Aces on Bridge — Daily Columns

The Aces on Bridge: Sunday, November 10th, 2013

I have been playing for three years and I am not sure if I know what I am doing, but I am past the frustration-stress stage now. I think that a bridge guru like you could really help explain to us newbies how to think like a bridge player. As a suggestion, would you please include one beginner-intermediate question-and-answer in your column?

Back to Basics, White Plains, N.Y.

Good idea. I can't guarantee to do as you so nicely ask — but I hear you and will try to remember. So let me start by giving you a piece of general advice. When you are in the range for a one-no-trump opening but have a five-card suit, treat the hand as balanced and do open one no-trump. Equally, don't worry about a small doubleton. If your hand is balanced and that is the only flaw, start with one no-trump.

When I was dealt ♠ K-J-9-3,  A-K-Q-3,  10-8-5-4-2, ♣ –, I opened one diamond and was faced with a rebid problem over my partner’s call of two clubs. Would your decision about what to do differ depending on whether this was a game force or not?

Four Square, Montreal, Canada

If two of a major shows extra strength here (and I believe it should), then two diamonds could be played simply as a catch-all with five plus diamonds, regardless of strength. I don’t have a good answer for you here, though, since the diamond suit is so weak. I might lie by bidding two hearts (planning to raise a bid in the fourth suit of two spades to three to show my length/strength). I’d rebid two no-trump with a 4-4-4-1 pattern, by the way, but not here.

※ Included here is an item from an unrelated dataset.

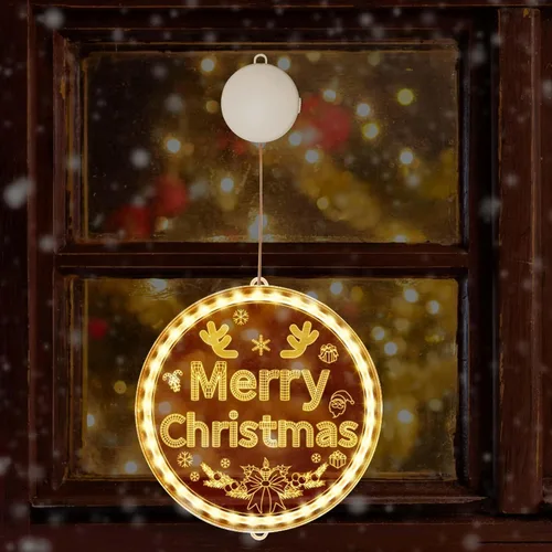 Adorno de luz de ventana de Navidad, funciona con pilas, para colgar en la ventana de Navidad, luz blanca cálida brillante con ventosa LED

In an earlier column this year you briefly described a conventional response to partner's no-trump opener. Three clubs showed both minors, invitational, while three diamonds was forcing with both minors, and three of a major showed shortage in the other major and 5-4 in the minors. This sounded promising and I would like to read more about it. What is the name of this convention?

Name It and Claim It, Columbia, S.C.

This method is very popular on the East Coast, and for what it is worth, I've heard it referred to as seven-way transfers. This is the term used at the Regency Bridge Club in New York, so if you prefer Regency transfers, so be it! One other wrinkle I've encountered is for players to use the three-club call as Puppet Stayman to check for 5-3 fits.

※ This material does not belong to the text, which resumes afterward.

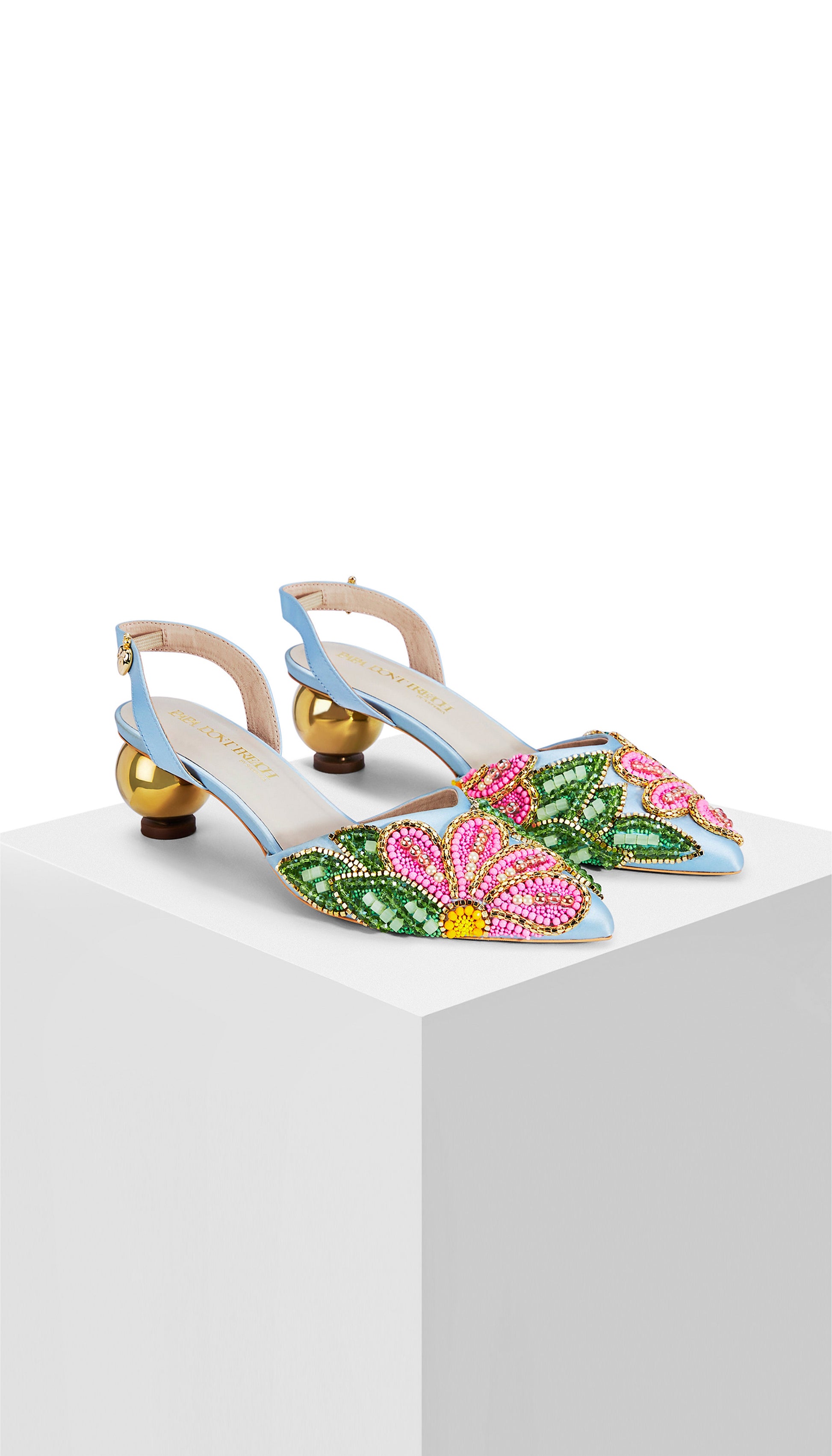 Our bougainvillea-inspired kitten heels with vapourised Gold coated stainless steel ball affixed to the heel, embroidered with glass beads to create a floral design, outlined with a snake textured chain and 24K gold plated elements.

Please tell me what I should have done after my LHO opened three clubs and my partner doubled. (I held ♠ K-4,  A-Q-3,  A-Q-10-5-4, ♣ 7-3-2.) I tried five diamonds, and without going into details, this was not a success facing a 4-5-2-2 hand.

Lost in Yonkers, The Bronx, N. Y.

This is a nasty kettle of fish. I might well double with a hand like your partner's. And I might well do what you did here! If you cue-bid four clubs, are you supposed to pass a four-heart response? You might well be cold for slam in diamonds. This looks like a result where no one was really to blame.

As a director, I had always thought that in a pairs game, North fills in the score at the end of the played board. East or West then checks and agrees to the score, gives the traveler back to North, who then inserts it into the board. We have a pair who will not initial and who will not return the traveler to North. They just cram it into the board, which makes it very unpleasant.

Bridge in the Menagerie, Wausau, Wis.

Thanks for your letter. My experience is that it is somewhat unusual for pairs to initial scores anymore. They tend simply to look and then agree orally. I would not get too hung up on the etiquette here. Times have changed, and we must change with them.


For details of Bobby Wolff’s autobiography, The Lone Wolff, contact theLoneWolff@bridgeblogging.com. If you would like to contact Bobby Wolff, please leave a comment at this blog. Reproduced with permission of United Feature Syndicate, Inc., Copyright 2013. If you are interested in reprinting The Aces on Bridge column, contact reprints@unitedmedia.com.


6 Comments

David WarheitNovember 24th, 2013 at 10:07 am

On Four Square’s hand: Of course, I play 4-card majors, but even if one doesn’t, the hand should certainly be opened 1H. It’s hard to see how you will get in any serious trouble doing so, whereas his question has no good answer, especially if 1D-2C is not game forcing.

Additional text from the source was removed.